SUPPLIED RECORDS →
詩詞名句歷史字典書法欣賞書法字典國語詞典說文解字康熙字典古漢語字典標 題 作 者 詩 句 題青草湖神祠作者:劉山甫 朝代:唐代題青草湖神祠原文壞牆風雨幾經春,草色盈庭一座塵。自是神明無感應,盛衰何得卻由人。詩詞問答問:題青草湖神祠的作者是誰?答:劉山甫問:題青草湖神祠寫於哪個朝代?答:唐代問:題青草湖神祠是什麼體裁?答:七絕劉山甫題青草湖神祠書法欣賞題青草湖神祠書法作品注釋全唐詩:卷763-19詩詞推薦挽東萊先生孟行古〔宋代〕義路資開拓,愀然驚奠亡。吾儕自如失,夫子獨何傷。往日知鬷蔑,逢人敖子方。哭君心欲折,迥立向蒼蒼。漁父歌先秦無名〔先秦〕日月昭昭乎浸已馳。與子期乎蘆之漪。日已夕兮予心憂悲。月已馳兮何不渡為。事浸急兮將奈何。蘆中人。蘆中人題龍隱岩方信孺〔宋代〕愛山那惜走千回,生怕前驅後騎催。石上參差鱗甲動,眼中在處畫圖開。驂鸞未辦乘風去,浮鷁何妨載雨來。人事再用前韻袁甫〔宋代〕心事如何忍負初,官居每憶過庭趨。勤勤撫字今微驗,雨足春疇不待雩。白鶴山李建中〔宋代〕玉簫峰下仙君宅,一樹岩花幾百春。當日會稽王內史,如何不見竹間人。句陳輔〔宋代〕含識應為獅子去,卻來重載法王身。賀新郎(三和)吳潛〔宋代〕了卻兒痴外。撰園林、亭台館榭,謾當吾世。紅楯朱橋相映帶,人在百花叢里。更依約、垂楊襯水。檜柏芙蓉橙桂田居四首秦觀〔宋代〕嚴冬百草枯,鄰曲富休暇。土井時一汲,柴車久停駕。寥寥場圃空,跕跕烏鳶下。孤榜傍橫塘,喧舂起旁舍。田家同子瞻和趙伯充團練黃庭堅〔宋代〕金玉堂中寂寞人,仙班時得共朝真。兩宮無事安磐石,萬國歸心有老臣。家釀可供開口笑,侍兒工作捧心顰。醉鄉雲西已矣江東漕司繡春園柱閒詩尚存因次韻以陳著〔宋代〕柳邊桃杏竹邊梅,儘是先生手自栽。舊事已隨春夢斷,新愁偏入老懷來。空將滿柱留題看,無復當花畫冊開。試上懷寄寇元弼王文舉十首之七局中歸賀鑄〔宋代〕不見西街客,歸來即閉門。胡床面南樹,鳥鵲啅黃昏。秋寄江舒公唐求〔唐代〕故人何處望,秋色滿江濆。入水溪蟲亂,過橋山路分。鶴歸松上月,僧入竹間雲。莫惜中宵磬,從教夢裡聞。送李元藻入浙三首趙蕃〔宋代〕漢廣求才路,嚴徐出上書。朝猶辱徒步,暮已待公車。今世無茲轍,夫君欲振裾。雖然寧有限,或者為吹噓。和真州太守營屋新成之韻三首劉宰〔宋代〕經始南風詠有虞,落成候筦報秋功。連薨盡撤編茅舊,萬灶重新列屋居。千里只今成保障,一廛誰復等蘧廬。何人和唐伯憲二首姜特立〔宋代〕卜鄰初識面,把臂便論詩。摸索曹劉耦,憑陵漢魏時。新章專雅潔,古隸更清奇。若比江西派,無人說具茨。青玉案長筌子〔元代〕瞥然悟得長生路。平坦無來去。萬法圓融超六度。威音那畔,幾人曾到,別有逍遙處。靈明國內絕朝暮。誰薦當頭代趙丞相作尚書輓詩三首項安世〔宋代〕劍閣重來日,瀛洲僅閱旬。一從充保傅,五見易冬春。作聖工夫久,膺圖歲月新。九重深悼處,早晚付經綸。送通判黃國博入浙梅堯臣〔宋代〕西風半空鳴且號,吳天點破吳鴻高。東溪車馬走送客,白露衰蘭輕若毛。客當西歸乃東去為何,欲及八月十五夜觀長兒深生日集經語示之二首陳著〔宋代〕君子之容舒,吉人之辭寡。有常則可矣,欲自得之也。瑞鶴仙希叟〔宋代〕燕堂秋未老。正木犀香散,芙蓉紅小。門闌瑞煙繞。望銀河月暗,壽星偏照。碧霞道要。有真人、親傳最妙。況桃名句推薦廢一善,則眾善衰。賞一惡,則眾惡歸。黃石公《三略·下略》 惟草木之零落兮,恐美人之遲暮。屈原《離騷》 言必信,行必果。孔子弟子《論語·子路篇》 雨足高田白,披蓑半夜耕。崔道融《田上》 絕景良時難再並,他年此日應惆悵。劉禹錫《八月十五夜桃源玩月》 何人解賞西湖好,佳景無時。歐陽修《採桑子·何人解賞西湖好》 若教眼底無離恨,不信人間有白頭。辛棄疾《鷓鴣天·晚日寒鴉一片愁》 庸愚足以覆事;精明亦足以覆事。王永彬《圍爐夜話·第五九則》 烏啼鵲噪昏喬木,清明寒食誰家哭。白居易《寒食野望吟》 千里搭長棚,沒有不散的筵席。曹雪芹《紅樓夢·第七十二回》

==

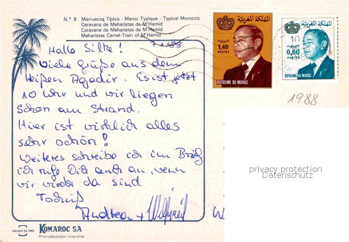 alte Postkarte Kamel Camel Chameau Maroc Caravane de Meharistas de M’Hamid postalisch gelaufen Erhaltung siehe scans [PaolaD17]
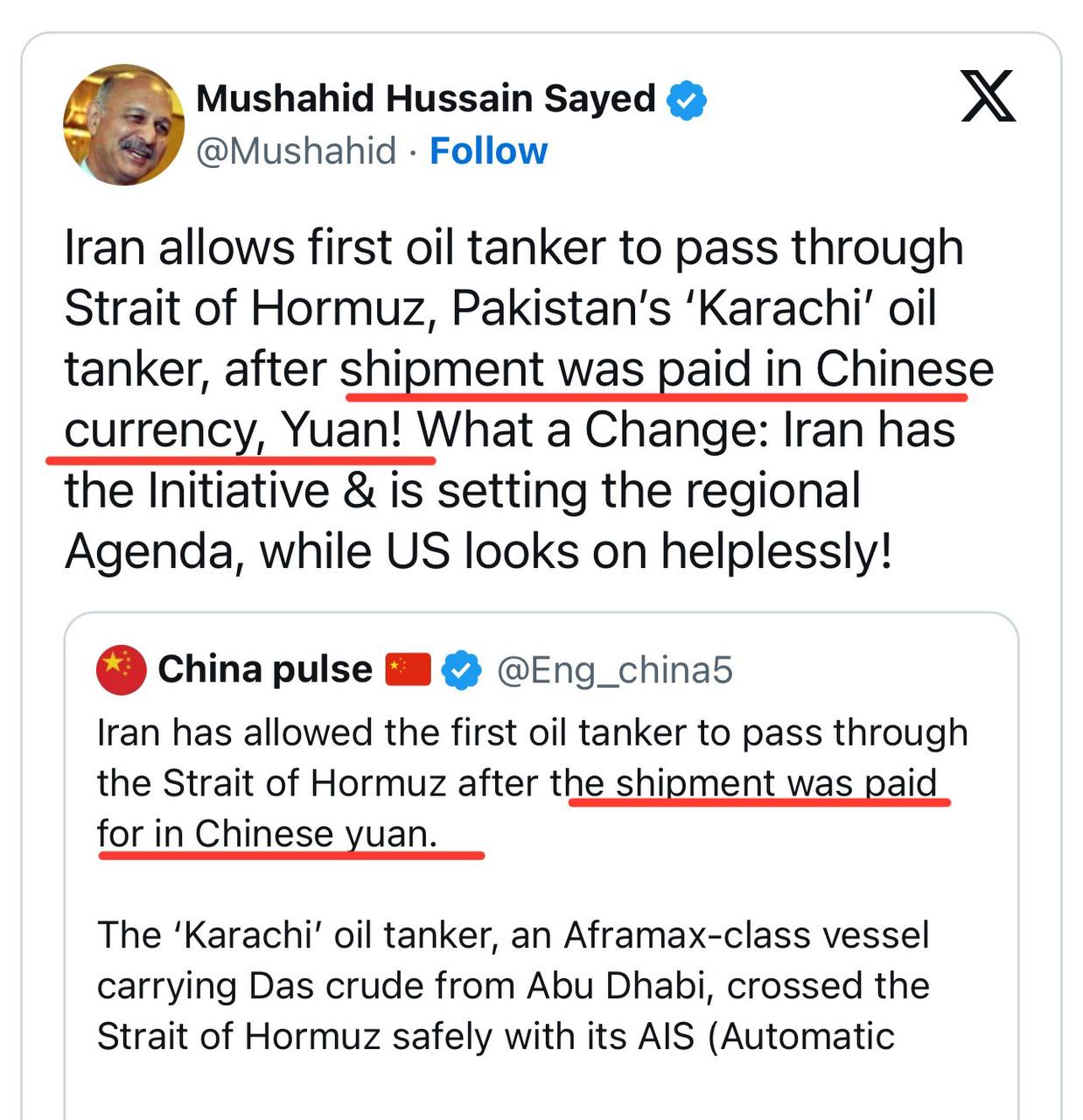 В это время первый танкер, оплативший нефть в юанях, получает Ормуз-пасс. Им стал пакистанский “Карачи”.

...

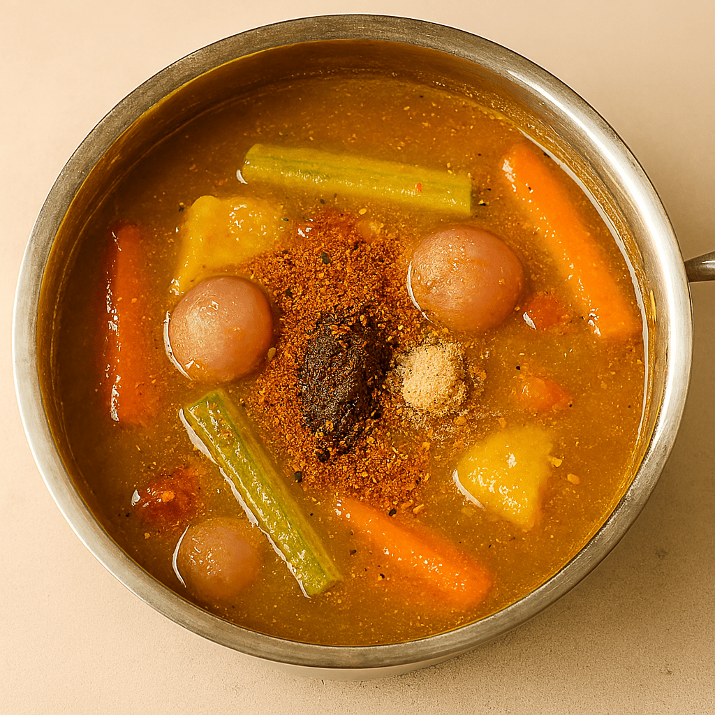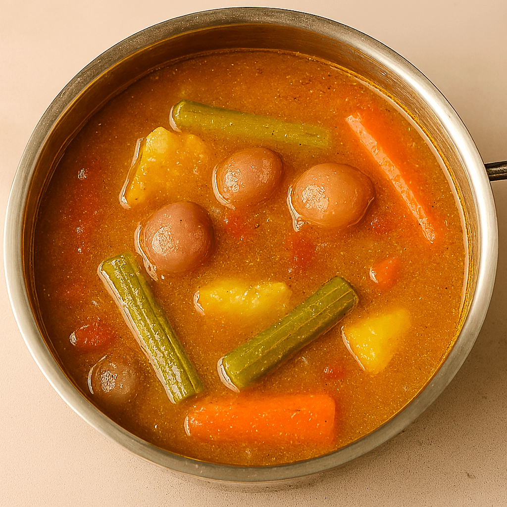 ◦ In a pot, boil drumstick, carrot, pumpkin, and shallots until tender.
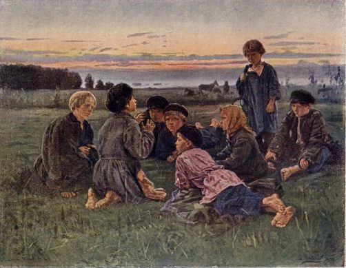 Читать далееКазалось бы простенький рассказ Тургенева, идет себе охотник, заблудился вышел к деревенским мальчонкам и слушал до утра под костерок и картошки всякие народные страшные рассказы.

PROBLEM → A verbatim reproduction is expected: starting at the line above that has "shallots until tender.", ending at the line that has "Читать далееКазалось бы", both included, and with no pictures and no other lines.

TASK RESULT →
 ◦ In a pot, boil drumstick, carrot, pumpkin, and shallots until tender.
 Читать далееКазалось бы простенький рассказ Тургенева, идет себе охотник, заблудился вышел к деревенским мальчонкам и слушал до утра под костерок и картошки всякие народные страшные рассказы.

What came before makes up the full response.